Disjunct Motion II
If we observe that some of our students treat notes that are released into silence differently from notes that are released into other notes, we can be fairly sure that this is a mental/psychological issue. There is nothing physical that actually requires that these notes be treated differently. Rather, the situation presents itself to the student’s mind as being different in a way that leads to a different physical behavior. The mental issue is probably, to a large extent, one of awareness and listening. But it can also be about not (yet) knowing how to extend the feeling of “normal” playing—playing one note after another—to playing notes that are followed by a silence that can seem like aimlessness on the part of the hands or feet.
Why is it important for notes that are released to silence to feel the same as notes that are released to other notes? Is it possible that these situations should feel different? The goal should be for the player to exercise a wide range of control over the timing and sound of the releases of notes. I would say a “full” range of control, except that we should all expect to learn more and more, and we should never look for an end-point at which our control of anything is “full.”
The starting point for control is always lack of tension. The different feeling that some students experience when releasing a note into a silence is usually one created by tension. The analogy to the feel of “regular” playing is an efficient way of learning to ease or avoid that tension. The actual range of sounds that we want to create and feelings that we use to create them when releasing a note to silence may be in part different from what we want otherwise. But that difference should never come about through inadvertence and especially never as a result of tension. It should be the result of listening, choice, and control.
In a kind of fruitful, paradoxical cycle, since the endings of notes that are followed by silence are more exposed—easier to hear—if we get truly comfortable releasing those notes lightly and smoothly, we can then take that feeling back to other situations, even if we derived the feeling initially from those other situations and learn even better how to play without tension overall. If there are ways of approaching the release of notes into silence that seem really different and particular to that situation, and that arise out of something other than reflex or tension, then adding those things to our technical arsenal cannot help but be valuable.

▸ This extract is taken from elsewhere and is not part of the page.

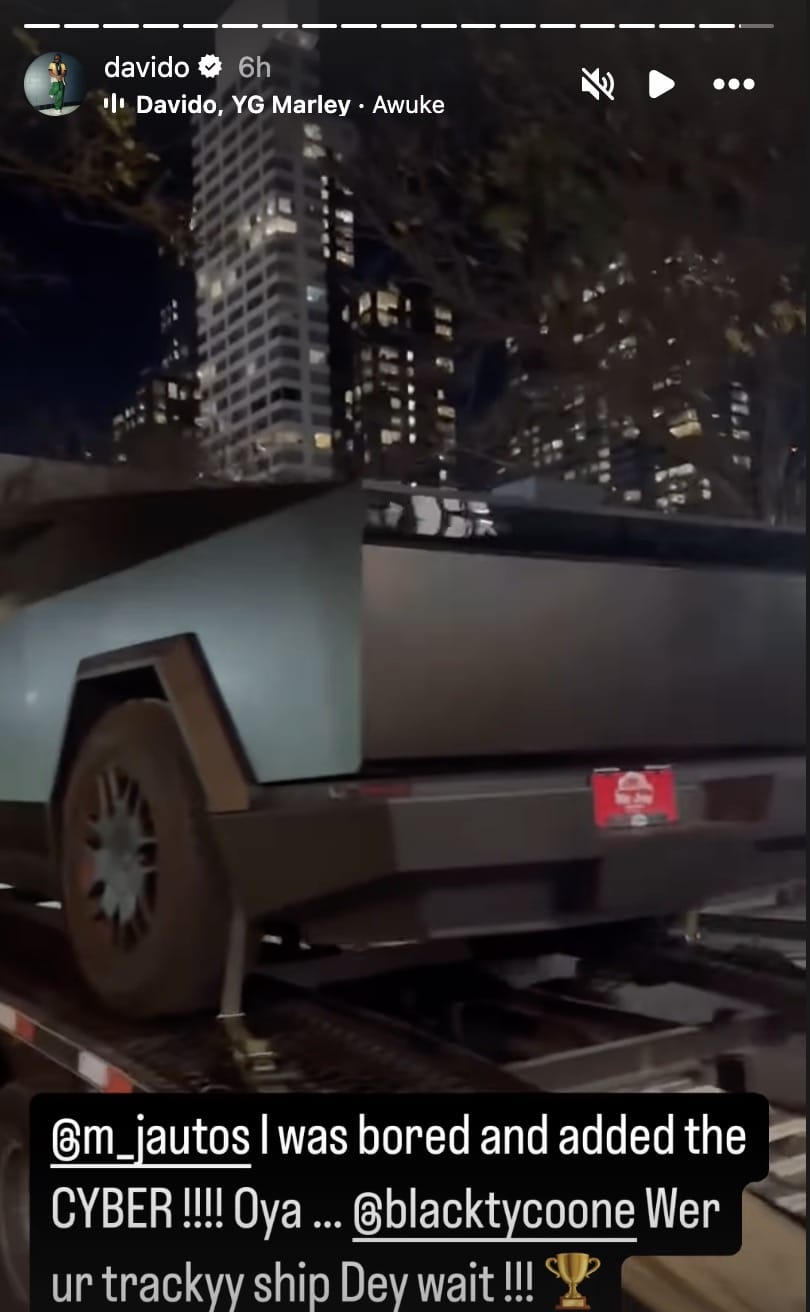 “I was bored and I bought the Tesla Cybertruck” – Davido

Here are several brief exercises to help with extending the feeling of “normal” playing to situations of disjunct motion, or of beginning to recognize what it feels like to do so. As usual with my exercises, the point is not so much the specific notes as the way(s) in which they are to be used. Most of these exercises have the unusual feature that part of working on them consists of selectively leaving some of the notes out.
Examples 1 and 2
With Example 1, play this a couple of times, slowly and with as light and relaxed a touch as possible. Keep it more-or-less legato, but don’t worry too much about articulation or style. The fingering 1-2-3-4-5 is fine to start with. Then play just the first four notes, leaving out the G, but trying not to change anything about the feeling of playing the four notes in the first measure, including (this is the main point) the feeling, timing, and sound of the release of the F. Go back and forth between playing the final note and not doing so. That final G will also be released to silence. But the focus for the moment is not on that, since we are focusing on a sort of “A/B” comparison. After you have done this as described a few times, you can play all five notes and try to bring the feeling of releasing the F that you have just been working on to the act of releasing the G. You can vary the length of that G, though I have printed it one way. Give it a fermata, in effect.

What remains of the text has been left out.